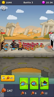 - Thu thập tiền xu sau mỗi trận chiến để nâng cấp quân đội của bạn, tăng tốc độ sản xuất lương thực và tăng cường độ kiên cố của pháo đành.
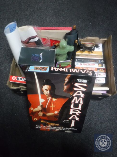 Two boxes of DVD'ss and VHS tapes relating to kung-fu, sew on patches, samurai game etc
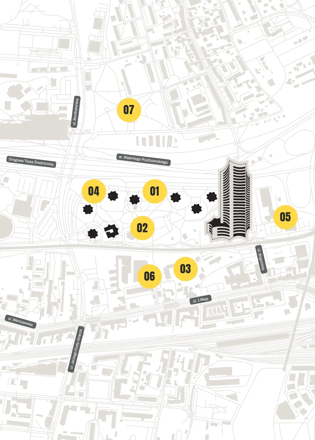 New Star is being developed on Bogucicka Street, directly next to a symbol of Silesian courage and belief in dreams — the Walenty Roździeński Housing Estate, widely known as the “Stars.” It is the same Zawodzie district, with the same urban energy and the same modernist boldness that, in the 1970s, propelled the concept of residential living into an entirely new orbit. This is an address that attracts not only through its symbolic significance, but also through everyday convenience. Universities, schools, kindergartens, and parks are all within a short walking distance, while the city’s key cultural and business destinations can be reached in around 10 minutes by car.

★ ★ ★

Work instruction: Take the material above from its first line through the line holding "Two boxes of" and set it down exactly, without the pictures.

Answer to this exercise:
 - Thu thập tiền xu sau mỗi trận chiến để nâng cấp quân đội của bạn, tăng tốc độ sản xuất lương thực và tăng cường độ kiên cố của pháo đành.
 Two boxes of DVD'ss and VHS tapes relating to kung-fu, sew on patches, samurai game etc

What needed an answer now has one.